Performance improvements from HTTP caching are not isolated to individual clients and HTTP requests. Regardless of where HTTP caching is employed, there are network-wide benefits that follow. Consider that when a client uses a private cache, not only is the latency decreased but the bandwidth requirements for all nodes along the entire HTTP request/response chain are lessened. Similarly, if a shared cache is operating at, for example, the corporate level, then nodes outside the network will not be affected by internal HTTP requests.

HTTP cache operations

HTTP caching is optional and not supported for all HTTP request methods and HTTP responses. For example, if a user navigates to a web page and the browser sends a simple HTTP GET request, which the server responds to and returns a status code indicating success, such as 200 OK, or with a long term response which is not expected to change anytime soon, such as 301 Moved Permanently, 308 Permanent Redirect, 404 Not Found or 401 Gone, then it can normally be cached. Subsequent identical HTTP requests will, for at least a time, instead draw on the local cache instead of sending the identical request to the server.

To manage a cache, HTTP relies upon three primary concepts. These are Freshness, Validation, and Invalidation. Freshness is a relative measure between the time the resource was cached and its expiry date. Validation can be used to check to see whether a cached resource is still valid after it expires, or becomes stale. Invalidation is the intention of setting a cache to stale, and it normally happens as a side effect of executing an operation that is not safe.


A fresh HTTP response inside a cache has not yet reached the expiry date or maximum age. The expiry date expiry or maximum age max-age is sent as part of the response. If there is no direction from the server, under certain conditions, the client may choose an expiry date using a heuristic approach.


Caches are automatically considered to be stale if the client is given invalid Cache-Control information. For example, receiving multiple directives from the server with different values for expiry is considered invalid, and thus, the cache will be stale.

A cached resource might also be marked stale, in advance of the expiry, through the process of invalidation. In any event, just because a HTTP response is stale, does not mean that it’s invalid and no longer useful. If the client is unable to reach the origin server then a stale HTTP response may be better than nothing.

Various Cache-Control mechanisms are available to govern behavior concerning a stale response. For example, a must-revalidate or proxy-revalidate directive will restrict the use of stale responses under the relevant circumstances.
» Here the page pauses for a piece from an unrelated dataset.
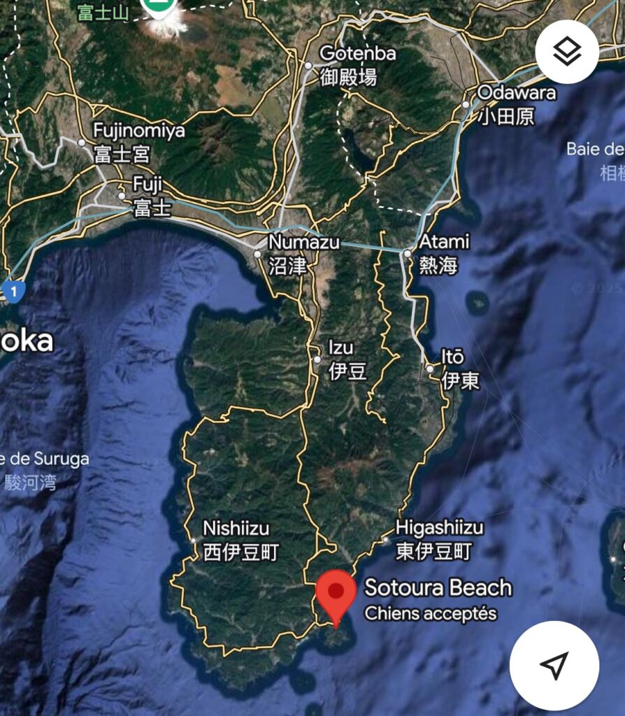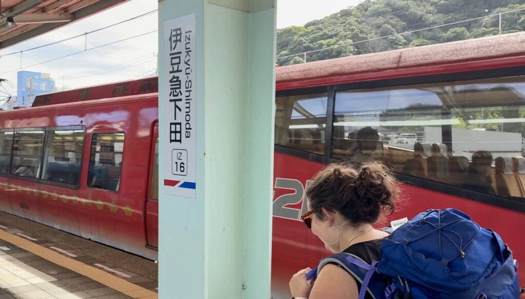 On prend notre Shinkansen pour remonter vers le Nord, direction la péninsule d’Izu! C’est un littoral de stations balnéaires où les Tokyoites passent leurs vacances d’été et leurs WE, on est à 3/4h de la capitale. Sauf que nous, on a ENCORE choisi une secluded place et on est au fin fond de la péninsule!
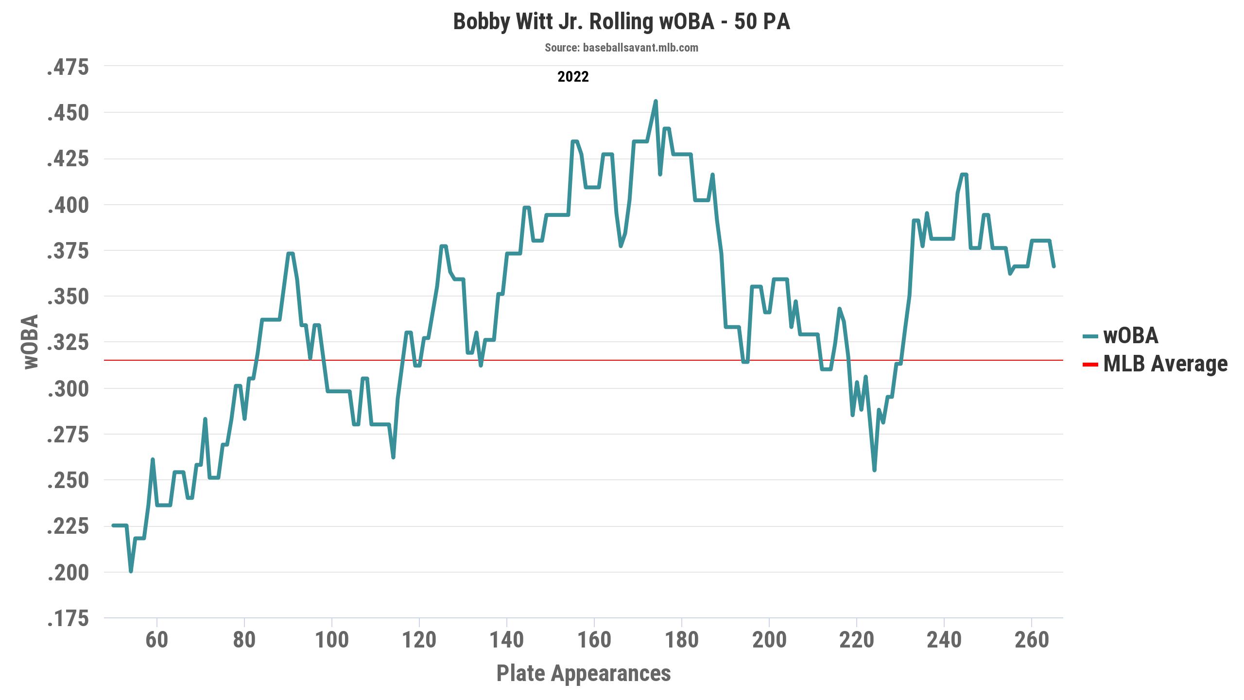 Witt Jr. may not be in the Rookie of the Year conversation (at the moment), but he’s truly having a very fine start to his major league career. Entering the game on Tuesday, he had a 97 wRC+, a number that’s been steadily climbing. Baseball Savant provides a nice visual on rolling rate stats to illustrate how a player is performing relative to the league. Bob’s rolling wOBA chart shows how he found a comfort zone around plate appearance 120 or so.

When a HTTP response is stale, it will normally not be used unless it is first validated. Validation involves checking to see if the resource has changed since it was stored in the cache, and then updating the local metadata accordingly.

Validation is done by sending conditional HTTP requests, such as an HTTP GET that includes the header If-Modified-Since. This value can be compared against the Last-Modified header that is stored with the resource. If the value has not changed then the cached version can be used and the freshness renewed. Other timestamp-related validation methods exist, as well as a facility using entity-tag values (ETag).

A successful HTTP response to a conditional HTTP request where the cache is still valid is normally the 304 Not Modified status code. When this is received, the client is responsible for selecting a stored HTTP response that has a 200 OK status, and updating it with the data included with the 304 Not Modified HTTP response.


A cached HTTP response is no longer of use once it has changed and the reason for having a cache expire is to ensure that it is periodically verified. If instead, the client sends a HTTP request that is unsafe, knowing that the state of the server may change as a result, it is appropriate to mark the cache stale. More specifically, if a non-error status code is received as the result of sending an unsafe HTTP request, such as HTTP POST, then any locally stored version is marked stale.

Again, this does not necessarily mean that the stored version is of no use. Depending on how the client is implemented, all of the stored HTTP responses might be deleted or instead, be marked such that subsequent HTTP requests require validation.

Another thing to consider is that invalidation is not guaranteed for all HTTP responses because an unsafe method only invalidates caches that it travels through. Consider, for example, that several intermediate nodes each store a local cache. Any nodes that the state-changing HTTP request does not travel will have a HTTP response that must be marked stale, but may still appear valid.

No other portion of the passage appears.